Explaining her moodiness around paparazzi, Stewart contended that the public is not often privy to what happens before the pictures are taken. “What you don't see are the cameras shoved in my face and the bizarre intrusive questions being asked, or the people falling over themselves, screaming and taunting to get a reaction,” she told Elle. “All you see is an actor or a celebrity lit up by a flash. It's so... The photos are so… I feel like I'm looking at someone being raped.”

In her book, Sontag anticipated this type of comparison, stressing that photography requires distance while attacking someone sexually requires proximity. “The camera doesn’t rape, or even possess, though it may presume, intrude, trespass, distort, exploit, and, at the farthest reach of metaphor, assassinate—all activities that, unlike the sexual push and shove, can be conducted from a distance, and with some detachment,” she wrote. Though the use of “push and shove” does conjure images of photographers clamoring to snap Stewart, the sexual aspect of the action is missing.

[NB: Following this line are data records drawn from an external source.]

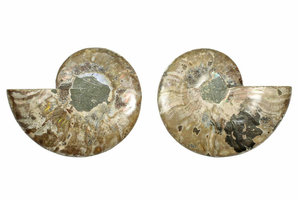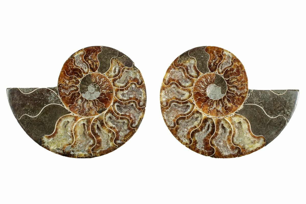 It exhibits gorgeous mineralization within the chambers, each separated by white calcite septa (divisions). This highly polished exotic ammonite makes a superb display piece with tremendous historical appeal.
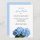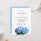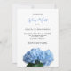 Chá de casamento para o casal. Flores de hydrangea azuis design em papel branco com texto impresso a preto. Personalize facilmente o texto em três lugares com nomes da noiva e do noivo em um script azul claro. Incluir "hospedado por" e informações de registro, conforme necessário. Adicione ou remova espaços para tornar o seu ajustado de texto o espaço. O reverso é azul-claro sólido. Flores realísticas, azuis, de hydrangea, decoram o fundo das cartas com imagens verdes. Este modelo de convite é parte da linha de design "Céu Azul".
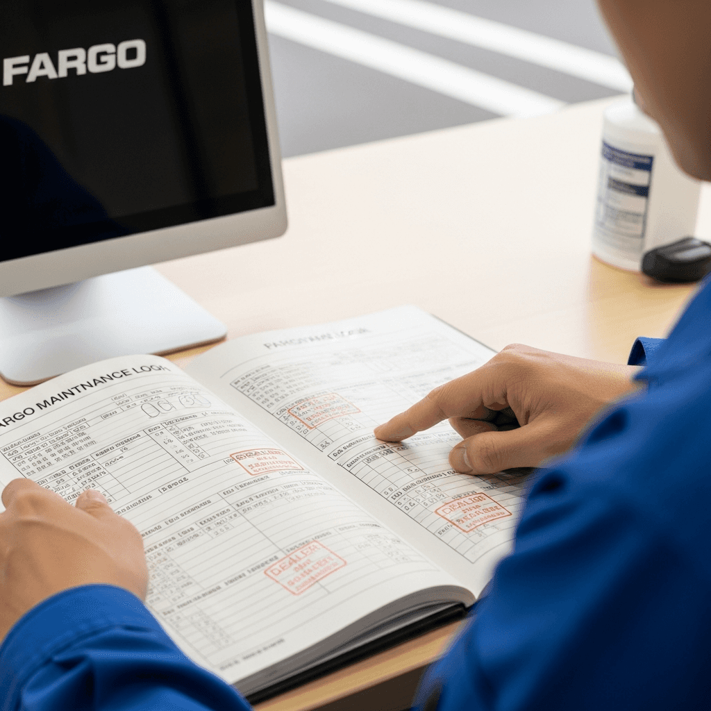 ファーゴトラックの整備記録簿に定期点検(12ヶ月・24ヶ月)の履歴が全て記載されていれば「管理の行き届いた車」と高評価。特にエンジンオイル交換履歴は重要で+6~9万円の効果。
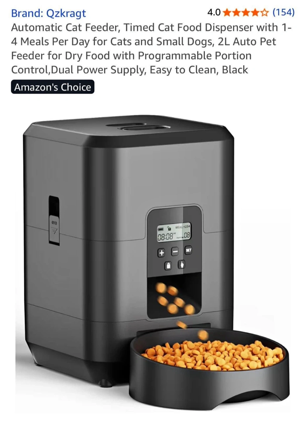 Selling a Qzkragt automatic pet feeder for cats and small dogs. It's a timed cat food dispenser that can provide 1-4 meals per day. It has a 2L capacity and is suitable for dry food. Programmable portion control and dual power supply make it easy to use and keep your pet fed on schedule. Charging cable is included.
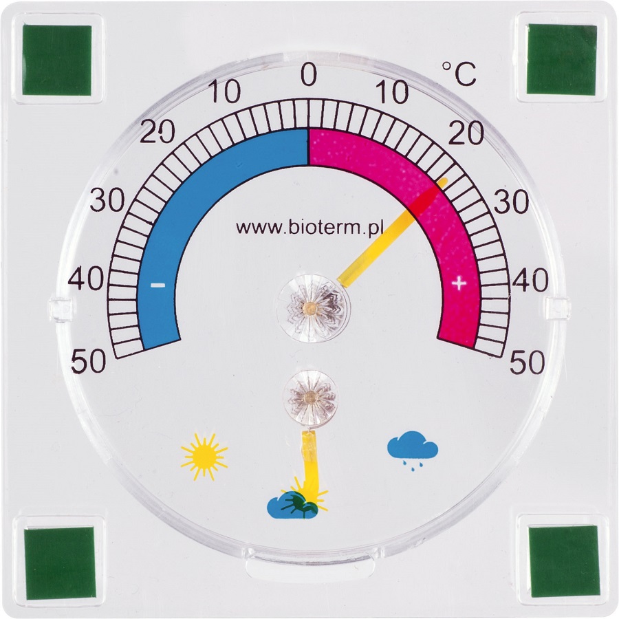 Биметаллический термометр квадратной формы из прозрачного материала. Шкала напечатана непосредственно на пластике. Дополнительную функцию выполняет гигрометр (печать внизу термометра). Это также биметаллический счетчик. По краям термометра имеются кусочки клейкой ленты, что делает термометр очень устойчивым при прикреплении.
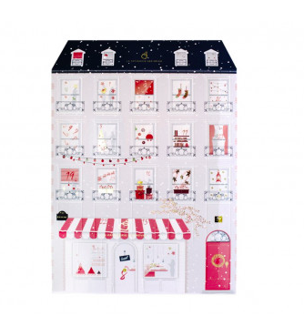 Come calendario dell’Avvento per il Natale 2017 La Pâtisserie des Rêves ha scelto di proporre la riproduzione di un tipico palazzo parigino in stile haussmanniano con 24 finestre o porte ricche di tesori tutti da scoprire. All’interno ci sono croustilles, sablé, cioccolatini, torroncini, caramelle al fior di sale da gustare giorno per giorno fino alla Vigilia di Natale.
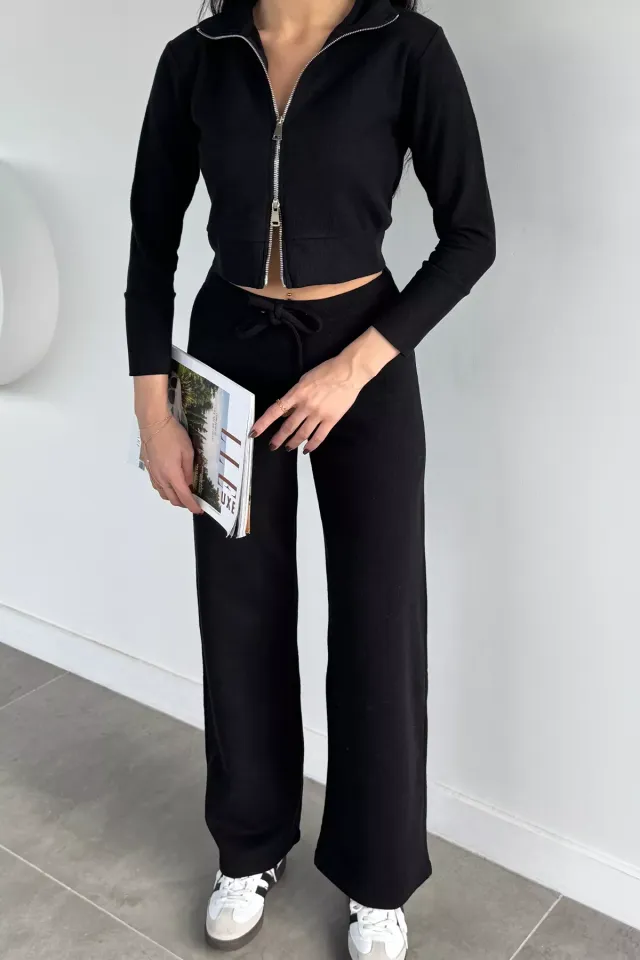 طقم عصري مكون من بلوزة قصيرة بأكمام طويلة مع بنطلون متناسق. مصنوع من قماش ناعم وخفيف ليمنحك الراحة والمظهر العصري الأنيق.
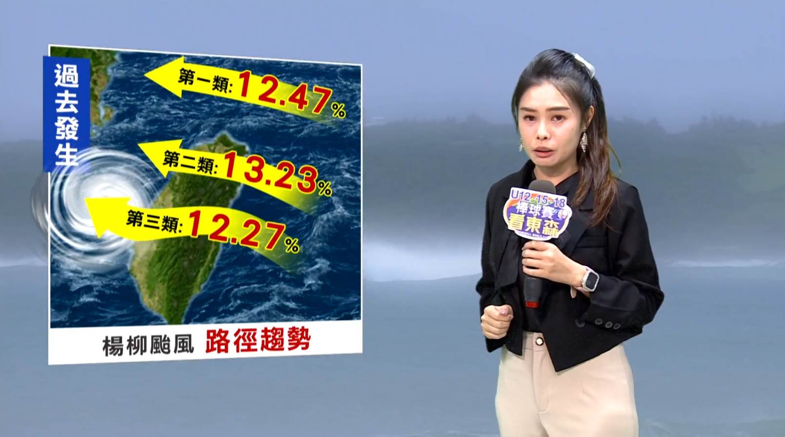 午後熱對流發展旺盛,大台北一度下起大雨,未來天氣會更不穩定。因為楊柳颱風預報路徑變數多,歐美模式還有氣象署都預測可能是穿心颱;日本氣象廳則預測會成西北颱。綜合各國預測路徑,對照氣象署針對過去影響臺灣的颱風路徑分類,它走第一類、第二類或是第三類機率都有,其中如果走第一類的話,恐怕是令人聞風喪膽的西北颱。
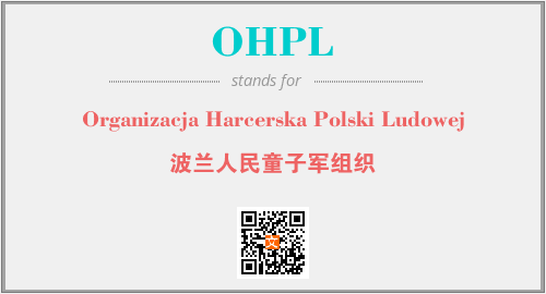 上述内容是“Organizacja Harcerska Polski Ludowej”作为“OHPL”的缩写,解释为“波兰人民童子军组织”时的信息,以及英文缩略词OHPL所代表的英文单词,其对应的中文拼音、详细解释以及在英文中的流行度和相关分类、应用领域及应用示例等。

In the same interview, Stewart did, however, seem to be in tune with Sontag. “Your little persona is made up of all the places that people have seen you and what has been said about you, and usually the places that I am are so overwhelming in the moment and fleeting for me—like one second where I've said something stupid, that's me, forever." The words conjure up Sontag’s suggestion that “the force” of a photo is such that it allows viewers (including Twilight fans) to scrutinize “instants which the normal flow of time immediately replaces.” So, one image of Stewart grimacing at a crowd of paps, or a moment in which she says the word “rape,” reverberates across the universe and single-handedly becomes her undoing.

Though the camera doesn’t “rape,” it does “violate” its subjects, but according to Sontag, it’s only a figurative violation “by having knowledge of them they can never have.” Stewart herself cannot be possessed but as the subject of a photograph, an object that can be physically held, she is “symbolically possessed.”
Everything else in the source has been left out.